# shocked dodge owner



## ohiododge (Nov 1, 2011)

:realmad:Can someone tell me about plowing with a 06 dodge 2500 CTD. I have been told you can't put a plow on this truck. Too heavy in front from engine. Now that being said. Looking at a snoway 29r or a blizzard speedwing. Both weigh roughly 800 or so pounds. Bought truck to plow and was rather upset with the idea of no plow.


----------



## THEGOLDPRO (Jun 18, 2006)

They are blowing smoke up your butt, Problem is the diesel in your truck weighs alot compaired to the gas trucks, It also matters if its a reg cab or an extended cab. they lower the weight they say you can carry on the front of the truck.

Either way you wont have a problem putting a plow on it, I would put no smaller then an 8 foot straight blade on it. The truck will handle it fine. You just have to find a dealer who wont bust your balls and doesnt really care what the weight rating on the vehicle is.


----------



## Banksy (Aug 31, 2005)

I have an 8' Fisher on mine. No factory plow prep. Does just fine. 

Throw in 800#s of ballast behind the axle and go.


----------



## cmo18 (Mar 10, 2008)

My main truck for the past 3 years is a 2006 ram 2500 ctd, 10 foot blade and it plows and plows and plows


----------



## wideout (Nov 18, 2009)

No problems with mine and been using it for two years with a wideout


----------



## IC-Smoke (Feb 15, 2008)

They just want to cover there butt with the front axle gvwr. You will be fine as long as you dont go suing your plow dealer for your ball joints going bad for example. :laughing:


----------



## John_DeereGreen (Jan 2, 2011)

I knew when I bought my truck that I couldn't have a dealer install the plow I wanted on it...

Why not just put it on yourself?


----------



## basher (Nov 13, 2004)

You can put the Snoway on it, it's just the Mega that is diesel restricted and the 29R weighs 707lbs.


----------



## DAFFMOBILEWASH (Dec 9, 2006)

If you can afford it I would go with a V plow. The Cummins will push much more snow than any straight blade can carry.... Cummins engines are like pigs noses!! You can't wear them out!!!

Have a Mega V on mine and smile evey time I leave the shop to plow. NTM remove the silencer ring if you want to hear the turbo spoolin up. 

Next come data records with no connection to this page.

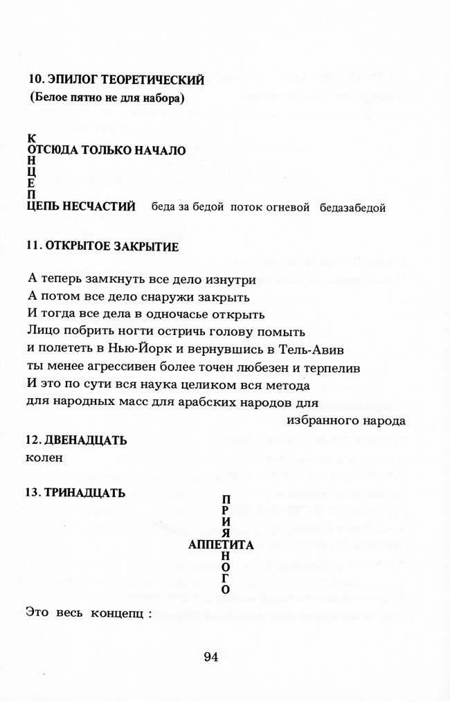 заканчиваются чем-то совсем иным — страхом, что «этот словопоток прекратят когда словопоток прекратят» щемящим чувством того, что он, этот абсурд, был годами ожидания себя, постоянным поиском себя, уточнением, и даже, более того, — почти наивной верой в грядущую не дурную, а искупающую бесконечность:
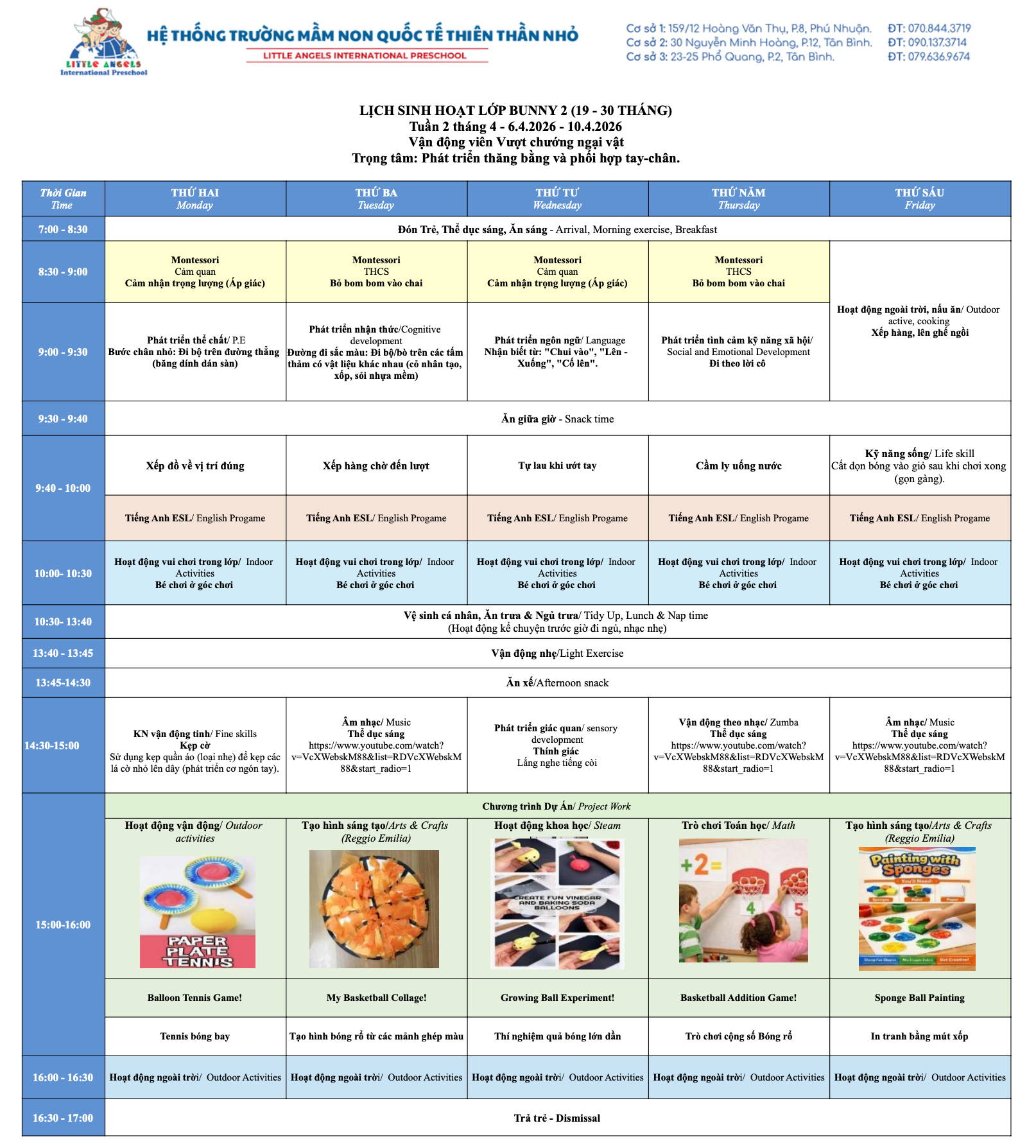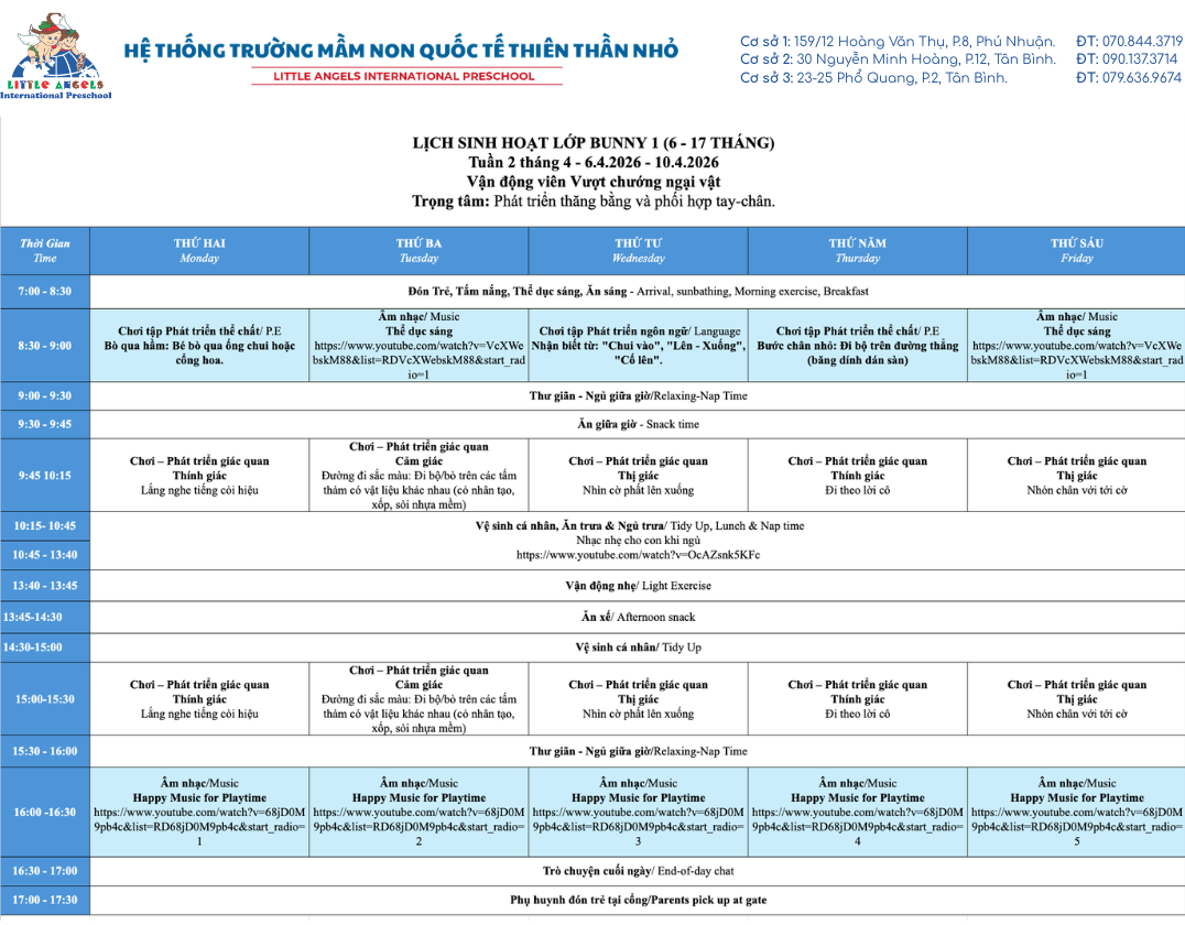 Trường Mầm Non Quốc Tế Thiên Thần Nhỏ xin trân trọng gửi đến ba mẹ kế hoạch hoạt động tuần [06/04 – 10/04/2026] của các bé.
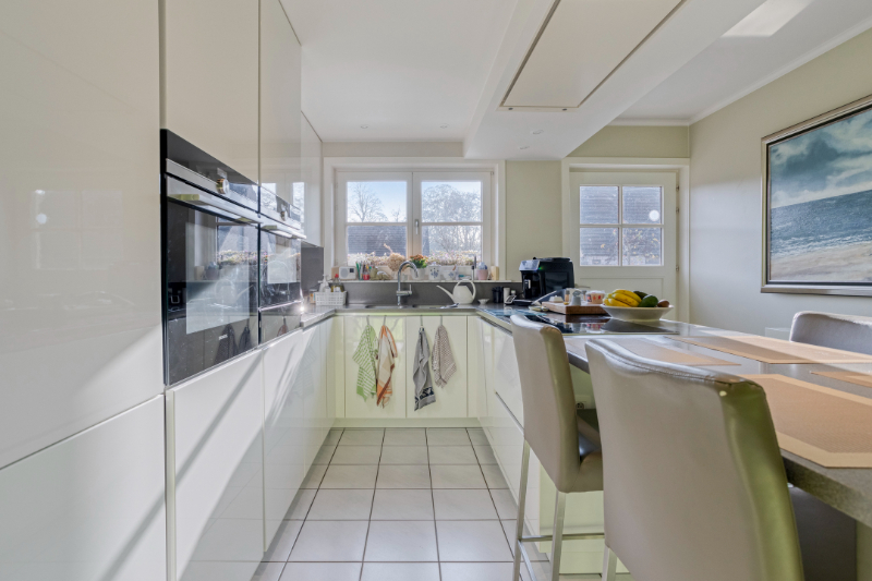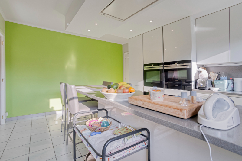 - Hyper-geïnstalleerde keuken met hoogwaardige afwerking (glanslak) en toestellen: frigo, diepvriezer, oven, microgolfoven, bordenverwarmer, inductiekookplaat, dampkap en vaatwasser
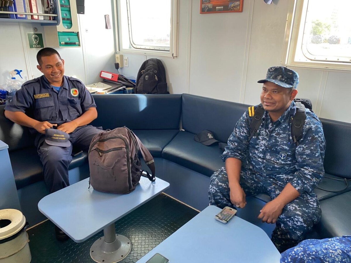 Als waarnemers bij de training en toetsing van meerdere maritieme eenheden keken de twee Surinamers mee bij trainingen van bemanningen van Zr.Ms. Pelikaan, KWCARIB cutter JAGUAR en meerdere KWCARIB Metal Sharks vaartuigen.
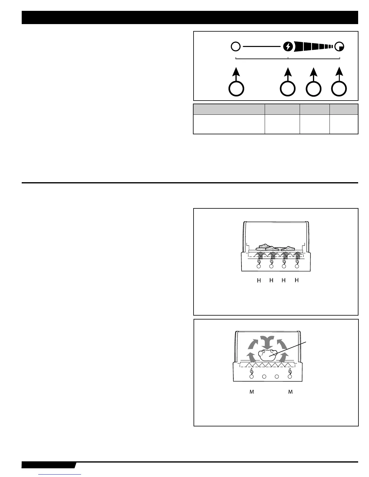 quemadores en “HI”. Luego ajuste los quemadores de cada lado de los alimentos a la
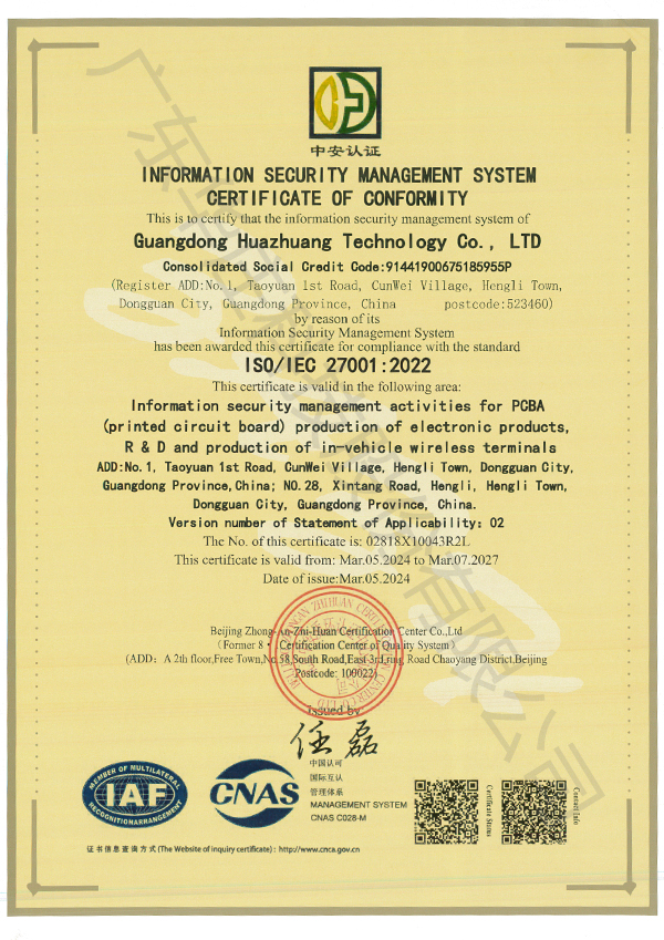 ISO/IEC 27001 廣東華莊(桃園廠新塘廠)

Congrats you have a great year!!! I think the 06 pre 6.7 07's are some of the best combinations Dodge ever put out.


----------



## randomb0b123 (Jul 14, 2010)

where you from? i have a dodge diesel with a plow its been just fine truck dont sag one bit


----------



## EME 411 (Oct 21, 2008)

No problem, Timbrens on the front, no ballast.


----------



## hardwoodcd (Dec 29, 2010)

Congrats on buying one of the best snow pushers made!!!! Put a V blade on the front of that thing and call it a day.


----------



## bigthom (Oct 14, 2010)

I got a fisher 8'6" extreme v with wings back drag edge and top flap... not only does it drive fine but it still clears 35s


----------



## ohiododge (Nov 1, 2011)

randomb0b123;1337211 said:


> where you from? i have a dodge diesel with a plow its been just fine truck dont sag one bit


Marion,Ohio. Still no plow. Do to lack of snow and lack of dealer to install one. Any help? I see your from Ohio.


----------



## NBI Lawn (Oct 15, 2007)

ohiododge;1450114 said:


> Marion,Ohio. Still no plow. Do to lack of snow and lack of dealer to install one. Any help? I see your from Ohio.


You need to go to another dealer. There really shouldn't be an issue installing a decent plow on your truck.


----------



## randomb0b123 (Jul 14, 2010)

your 2.5 hrs away from me im in cleveland, why dont you just put the plow on yourself?


----------



## MrPLow2011 (Jan 14, 2011)

Buy the plow and bring it to a truck repair shop. They will install it. Fisher dealers and such cant do it. They have to follow guidlines. Installing a plow is not that tough. Hardest part is removing bumper


----------